The remarkable heterogeneity of diseases associated with GAVE generates a wide array of factors that might cause angioectasia. Several factors have been suggested to play roles in the pathogenesis of GAVE. Charneau et al[14] reported that gastric antral motility was remarkably different in cirrhotic patients with or without GAVE. Others have suggested prostaglandin E2[15], gastrin[16], vasoactive intestinal polypeptide (VIP), and the proliferation of local neuroendocrine cells containing 5-hydroxytryptamine (5-HT)[17] are causative factors. Thus, it appears GAVE is probably caused by vasodilation and impaired motility[17] driven by these neurohumoral factors[15-18]. However, the pathophy
In our study, all 16 patients with cirrhosis had punctate-type GAVE and almost all patients (16/17) with punctate-type GAVE had concurrent cirrhosis. In contrast, 6 of 7 patients without cirrhosis had striped-type GAVE; the other patient had punctate-type GAVE. Thus, in this study punctate-type GAVE appeared to be associated with cirrhosis, and striped-type GAVE was not. Several reports have described linear lesions within antrum in non-cirrhotic patients and diffuse lesions in cirrhotic patients[1,6,21,22], and our results concur with these observations.

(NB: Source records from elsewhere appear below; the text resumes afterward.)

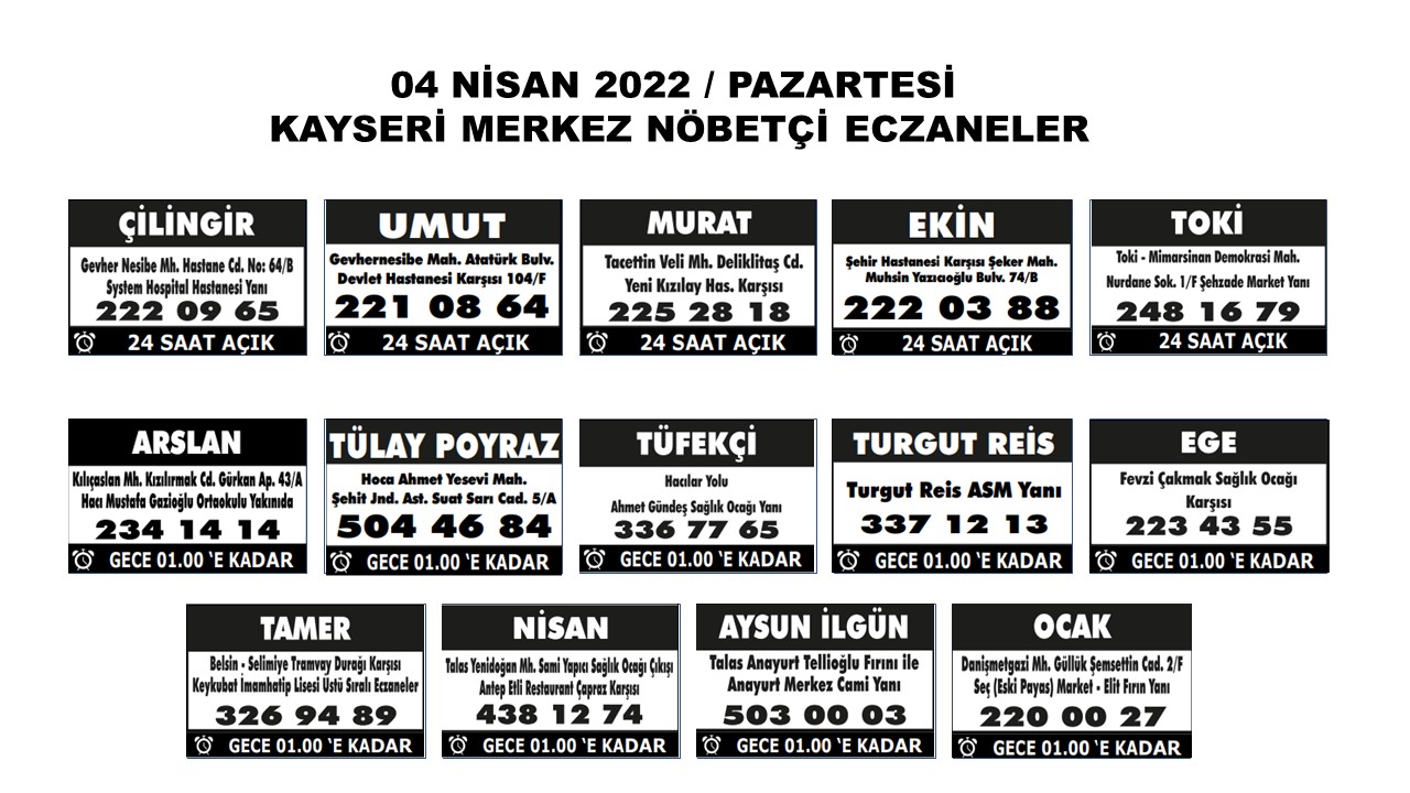 Kiçikapu Meydanı Zekibey Apt. No:26 D:5 Melikgazi/Kayseri 444 4 329 (ECZ)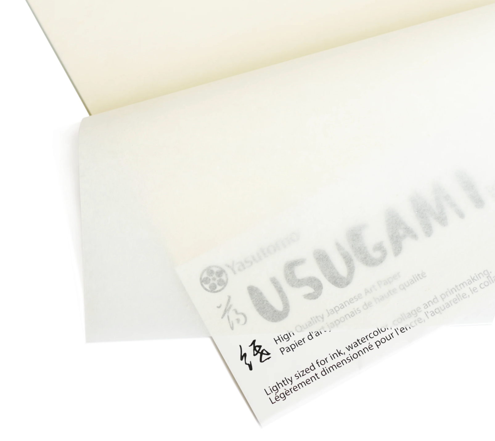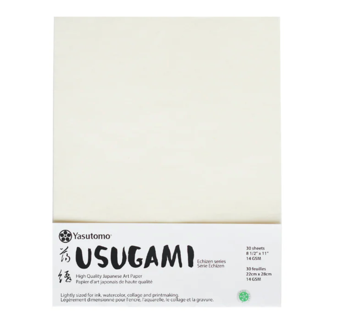 Usugami is a strong, translucent tissue paper made in the Ehime prefecture of Japan. It is sized to allow for finer detail in ink, watercolor, monoprintmaking and laser printing.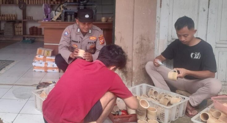 Seperti yang dilaksanakan jajaran Polsek Rajadesa Polres Ciamis Polda Jabar. Dimana saat itu Ps. Kanit Binmas Polsek Rajadesa Bripka Angga Sundara hadir mendatangi para Pengrajin Gelas Bambu di Dusun Citapen Pasir, Desa Sukajaya, Kecamatan Rajadesa, Kabupaten Ciamis, Jawa Barat, Rabu (12/2/2025).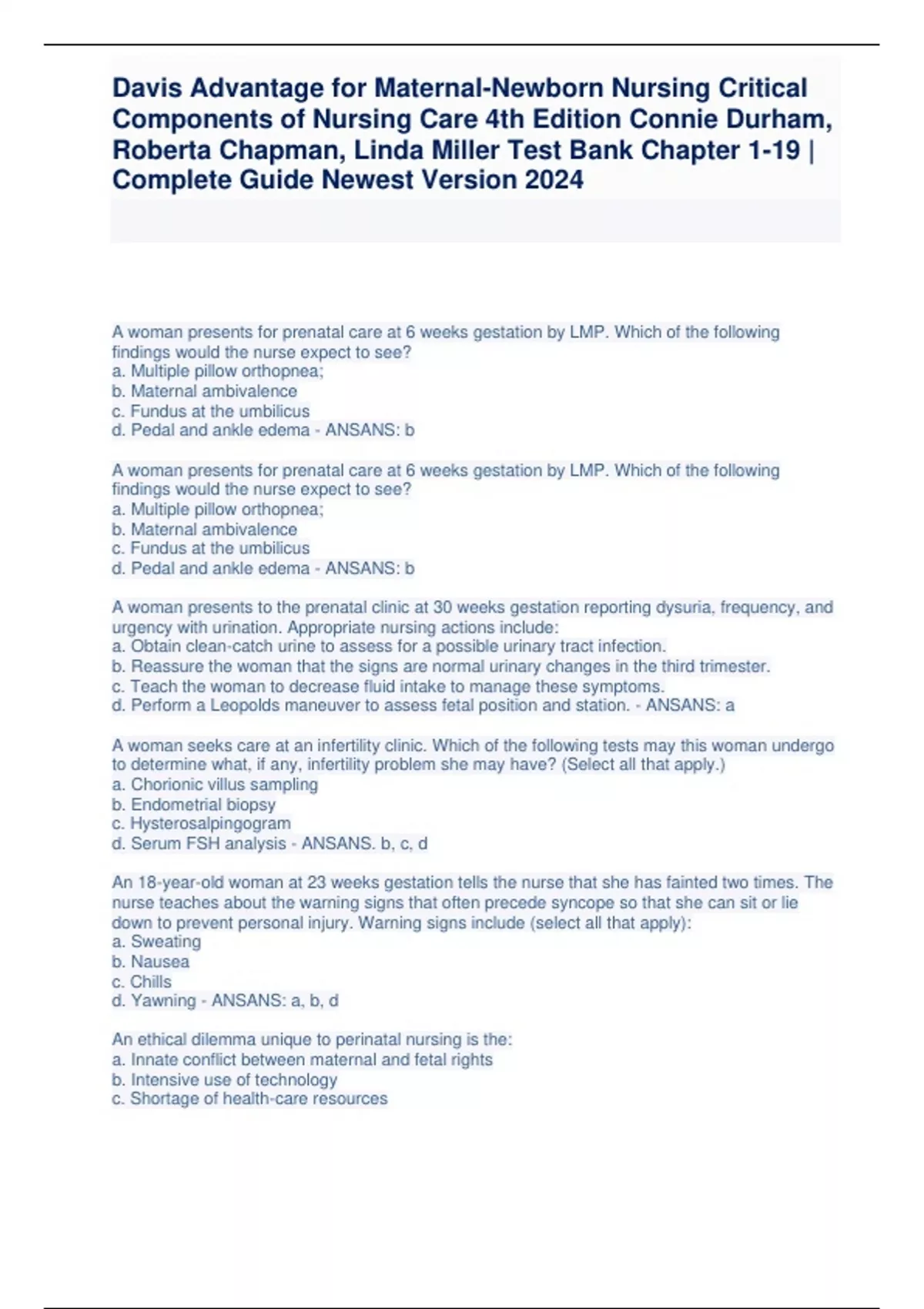 Roberta Chapman, Linda Miller Test Bank Chapter 1-19 |

We also found that GAVE patients without cirrhosis more frequently exhibited overt bleeding and required APC treatment than those with cirrhosis. Unfortunately, we could not adjust our multivariate analysis for GI bleeding confounders due to the small number of overt GAVE bleeding cases included. Nonetheless, these observations do indicate GAVE with cirrhosis-associated nonvariceal GI bleeding is rare. However, in contrast to our results, in a retrospective study of 30 patients that underwent APC for GAVE bleeding (17 patients had cirrhosis), Lecleire et al[23] reported that patients with cirrhosis more frequently exhibited overt bleeding (65% vs 15%, P = 0.01), whereas patients without cirrhosis more frequently had occult bleeding as revealed by isolated iron deficiency anemia (35% vs 85%, P = 0.01). However, Wang et al[24] in a retrospective case-control study, reported that multivariate regression analysis adjusted for confounders showed the absence of cirrhosis best predicted active bleeding from GAVE with an odds ratio of 5.151 (95% confidence interval: 1.08-24.48, P = 0.039). In this previous study, of 84 GAVE patients with cirrhosis, 27 (32.1%) had overt bleeding, and of 26 patients without cirrhosis, 17 (63.4%) had overt bleeding. The reason for a significant difference between the incidences of overt bleeding according to the presence or absence of cirrhosis in GAVE remains unclear, although it has been shown circulating neurohumoral factor levels, such as those of prostaglandin E, VIP, and 5-HT, differ in GAVE patients with or without cirrhosis[15-18]. Future studies are needed to clarify mechanistic differences between patients with or without cirrhosis in order to determine whether neurohumoral factors are responsible for clinically observed differences.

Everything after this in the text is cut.